You can listen to or download our 20-minute conversation right here; or, if you don’t see the embedded audio player below, listen on the episode 439 show notes page on the podcast website.
You can find links there to the source material we used in this episode, along with the verbatim transcript of our conversation.
Related Reading & Listening:
- FIR #439: Agentic AI Tops Digital Trends for 2025 (FIR website, 13 December 2024)
- Perspectives on Industry Trends and Implications for Communicators (29 October 2024)
- NotebookLM Drives AI Audio Conversations That Feel Human (26 September 2024)
- Understanding AI in the Context of History (10 May 2024)
Footnote:
The generative AI hero image at the top was created by DALL-E 3 via ChatGPT Plus. I gave ChatGPT Plus this simple prompt:
“Create this image in landscape mode: A research agent analysing 100,000 social media posts per hour, uncovering unmet needs and feature requests, with a content agent optimising 200 posts daily across platforms like X, LinkedIn, Bluesky, and TikTok.”
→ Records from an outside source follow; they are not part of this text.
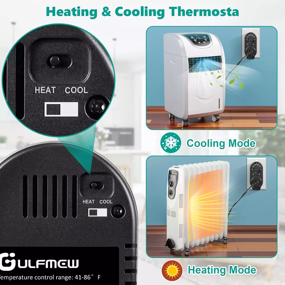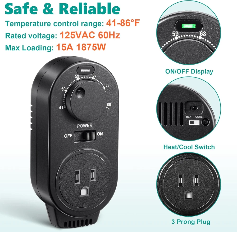Thermostat Control: this non digital plugin thermostat comes with an adjustable temperature dial; Provide heat and cool 2 modes for you to choose, the thermostat will automatically turn on or off your heating or cooling equipment according to the target temperature you set, you can set the appropriate temperature (41-86 degrees Fahrenheit), maintain a stable room temperature for your greater comfort; Warm tips: please disconnect the power supply before switching the heat or cool mode Easy to Operate: plug and play design; No need to use other tools, just open the heat or cool mode button manually; Plug your heating or cooling device into the thermostat outlet, turn POWER switch to On and you're ready to go; Just set your ideal temperature, the scale is clear, even the elderly can simply operate it; The LED light let you easily see if it is on or off too Safe and Reliable: this 3 prong thermostat plug into a standard socket is ETL listed; Temperature control range is 41-86°F; Rated voltage is 125VAC 60Hz; Max Loading: 15A 1875W and has a recoverable overload short circuit; Dimensions: 5 x 2.5 x 2.5 inches; Do not immerse controller or probe into water Save Your Time: the thermostat will make your life comfortable; The adjustable thermostat turns on and off appliances connected to outlet based on the target temperature; It uses power only when necessary, brings convenience to your life Wide Usage: suitable for most portable space heaters, window air conditioners and circulating fans; Can also be applied for greenhouse, reptiles breeding, pet feeding, wine cellar, swamp cooler, evaporative cooler, electric fireplace heater, garage, RV and so on Product Description Specifications: Quantity: 1 piece Dimensions: 5 x 2.3 x 1.5 inches Input: 125VAC 60Hz Load (max): 125VAC@15A 1875W -- resistive load 1/2HP@125VAC, TV-5 -- inductive load Temperature control range: 41-86 °F Note: It cannot be controlled remotely, it is manually adjusted. Package includes: 1 x Plug in heating and cooling thermostat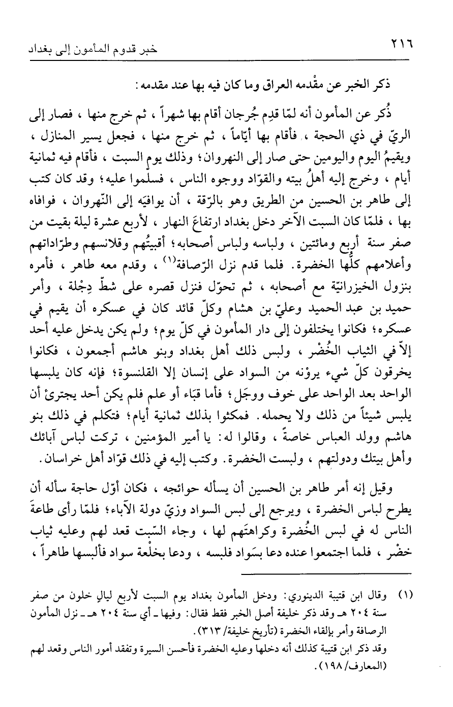 (١) وقال ابن قتيبة الدينوري: ودخل المأمون بغداد يوم السبت لأربع ليالي خلون من صفر سنة ٢٠٤ هـ وقد ذكر خليفة أصل الخبر فقط فقال: وفيها - أي سنة ٢٠٤ هـ - نزل المأمون الرصافة وأمر بإلقاء الخضرة (تأريخ خليفة/ ٣١٣).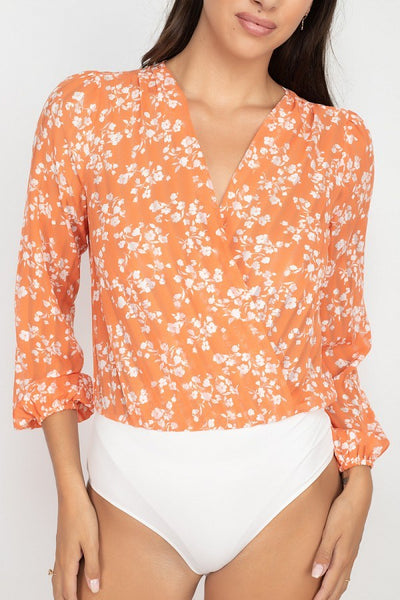 A semi sheer woven bodysuit featuring an allover floral and shadow striped design, a V neckline with a concealed snap-button closure, a front wrap design, long sleeves with elasticized cuffs, back pleats, and snap-button bottom closures.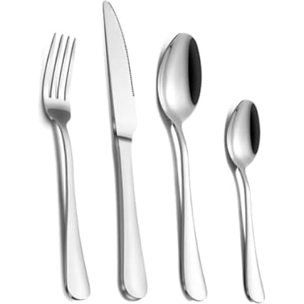 6 PEOPLE CUTLERY SET Our cutlery set includes 6 dinner knives, 6 dinner forks, 6 dinner spoons, 6 teaspoons, which are suitable for most families of 6 people. PREMIUM QUALITY CUTLERY SET Made of high quality stainless steel, 24 pieces cutlery set is non toxic and healthy for everyone. Pleadind flatware set is comfortable to hold for adults and children as it has a nice weight and perfect size to provide good grip. Exquisite craftsmanship. The matte finish and elegant curve design of the cutlery set make it elegant and delicate. Each piece is ergonomically designed with every detail and viewing angle. DISHWASHER SAFE The flatware set is dishwasher safe, also easy to wash by hand, your proper care will last this 24 piece cutlery set for years and always look as good as new. Useful Flatware Set Nice flatware set ideal for everyday use at home, restaurant, entertaining. Perfect gift choice for Christmas, Thanksgiving and other festivals.

In turn, the AI gave DALLE-3 this expanded prompt:
“A photorealistic image in landscape mode of a futuristic AI-powered office where a research agent AI is analysing 100,000 social media posts per hour. The scene features a high-tech environment with holographic displays showing social media feeds, data analytics, and charts. In the same space, a content agent AI is optimising 200 posts daily, with projections of posts being tailored for platforms like X, LinkedIn, Bluesky, and TikTok. The workspace is dynamic and collaborative, blending cutting-edge technology with sleek, minimalist office design. The atmosphere is vibrant, showcasing the potential of AI in streamlining tasks and uncovering insights.”